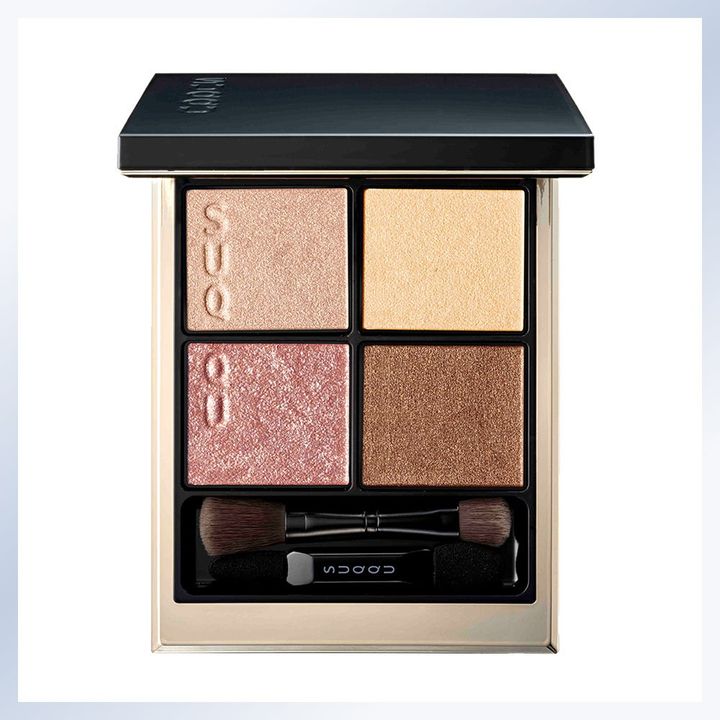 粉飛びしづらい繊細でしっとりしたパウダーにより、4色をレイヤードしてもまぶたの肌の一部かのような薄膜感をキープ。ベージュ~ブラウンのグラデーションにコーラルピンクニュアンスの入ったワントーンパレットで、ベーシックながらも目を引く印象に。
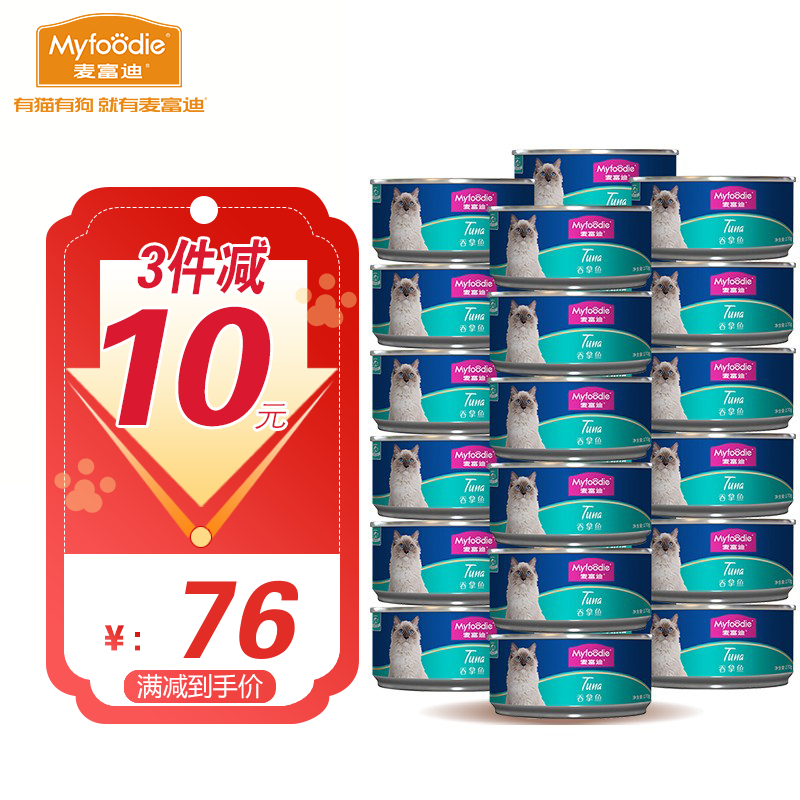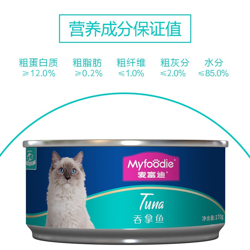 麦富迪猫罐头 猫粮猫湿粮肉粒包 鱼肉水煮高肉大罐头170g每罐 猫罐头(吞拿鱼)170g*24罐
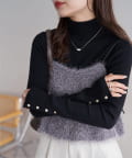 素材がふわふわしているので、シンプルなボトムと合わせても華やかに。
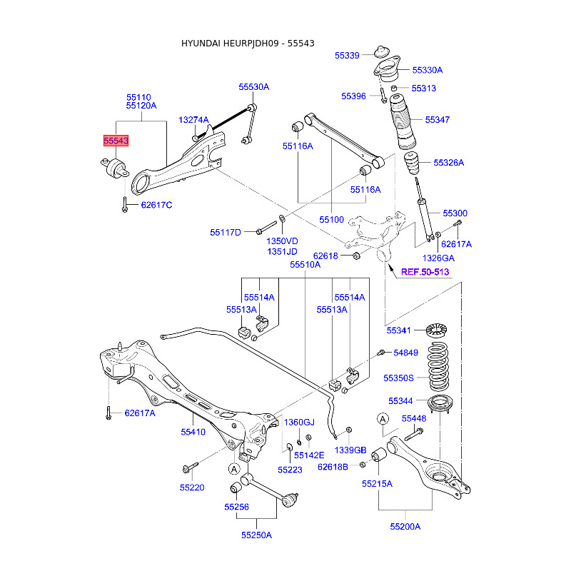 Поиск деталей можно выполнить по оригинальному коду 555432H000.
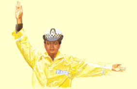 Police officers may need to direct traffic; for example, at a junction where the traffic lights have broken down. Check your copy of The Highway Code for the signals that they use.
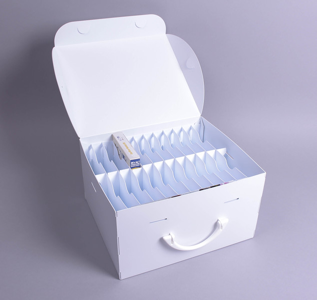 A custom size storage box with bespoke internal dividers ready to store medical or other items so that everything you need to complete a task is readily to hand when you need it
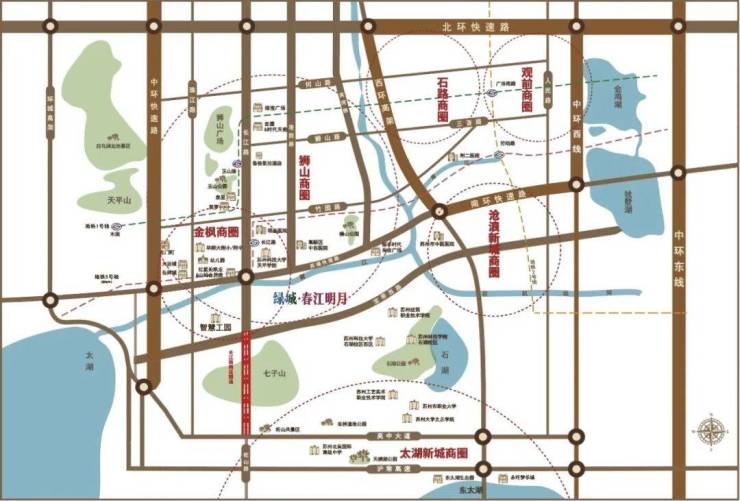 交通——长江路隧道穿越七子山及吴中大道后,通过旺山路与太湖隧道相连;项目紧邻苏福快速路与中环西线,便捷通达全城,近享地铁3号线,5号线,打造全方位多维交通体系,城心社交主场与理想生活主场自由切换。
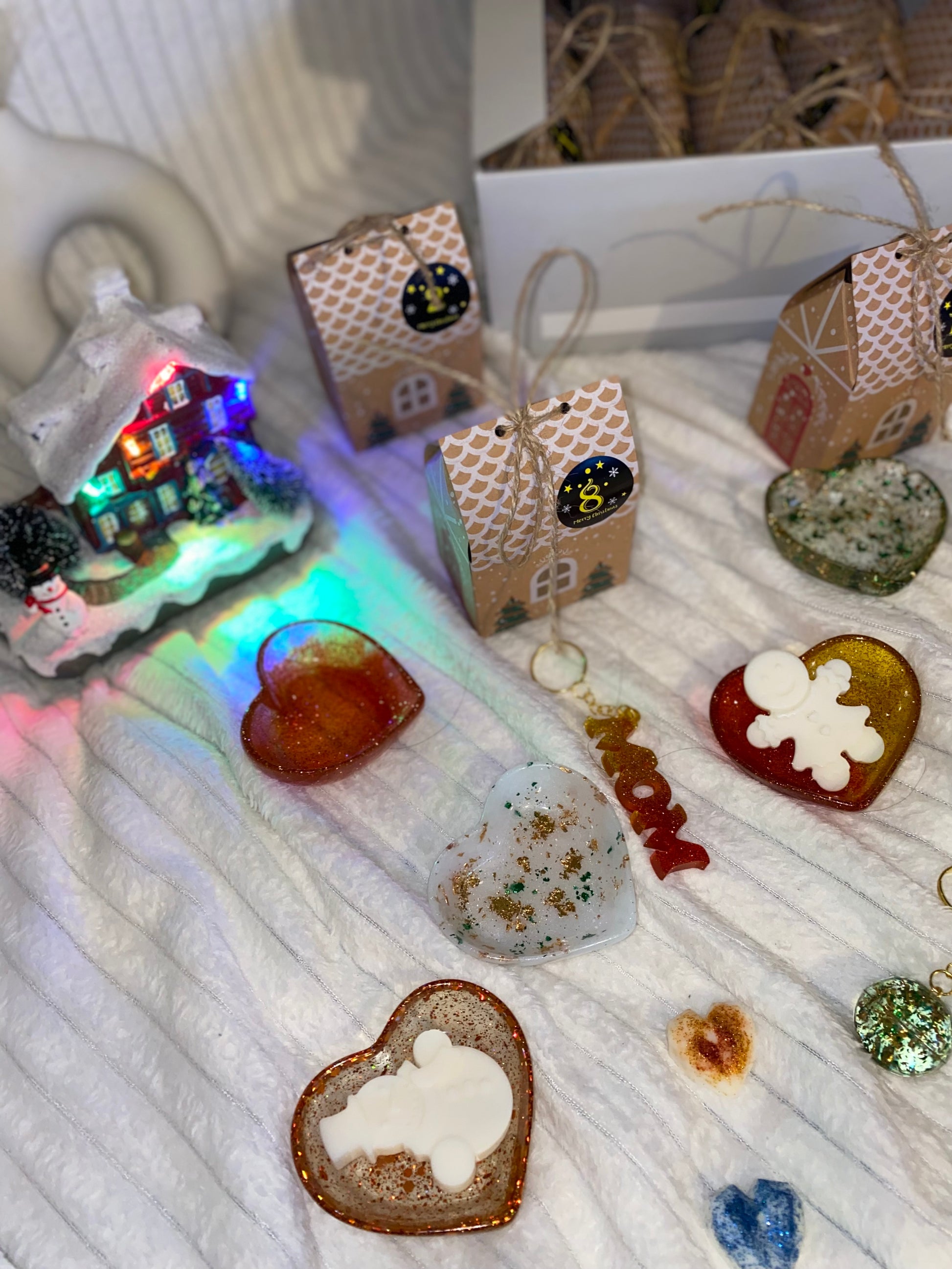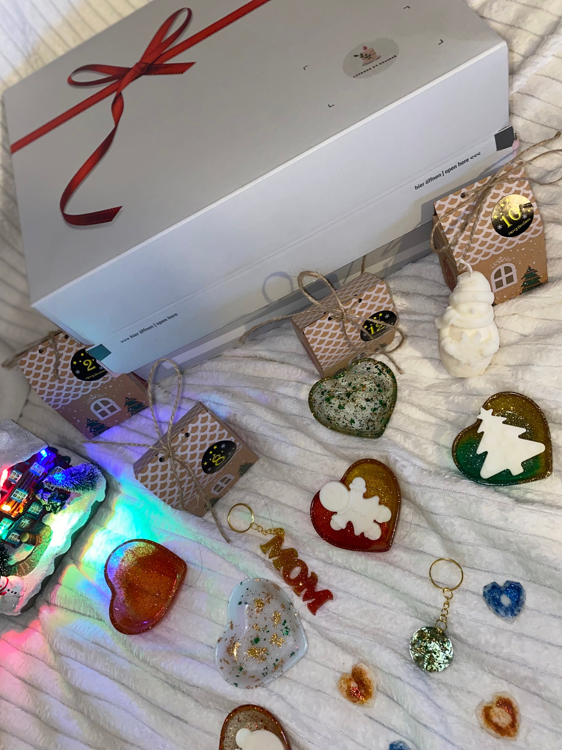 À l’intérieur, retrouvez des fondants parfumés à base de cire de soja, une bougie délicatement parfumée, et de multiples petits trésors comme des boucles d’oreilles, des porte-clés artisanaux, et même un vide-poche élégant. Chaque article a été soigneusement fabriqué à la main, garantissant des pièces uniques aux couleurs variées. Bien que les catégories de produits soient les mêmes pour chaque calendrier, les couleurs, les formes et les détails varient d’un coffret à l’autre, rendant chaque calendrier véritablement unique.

□ □ □ □

EXERCISE DESCRIPTION: Give exactly the lines above that run from the line with "素材がふわふわしているので、シンプルなボトムと合わせても華やかに。" to the line with "交通——长江路隧道穿越七子山", both included, leaving every picture out.

EXERCISE OUTPUT:
 素材がふわふわしているので、シンプルなボトムと合わせても華やかに。
 Поиск деталей можно выполнить по оригинальному коду 555432H000.
 Police officers may need to direct traffic; for example, at a junction where the traffic lights have broken down. Check your copy of The Highway Code for the signals that they use.
 A custom size storage box with bespoke internal dividers ready to store medical or other items so that everything you need to complete a task is readily to hand when you need it
 交通——长江路隧道穿越七子山及吴中大道后,通过旺山路与太湖隧道相连;项目紧邻苏福快速路与中环西线,便捷通达全城,近享地铁3号线,5号线,打造全方位多维交通体系,城心社交主场与理想生活主场自由切换。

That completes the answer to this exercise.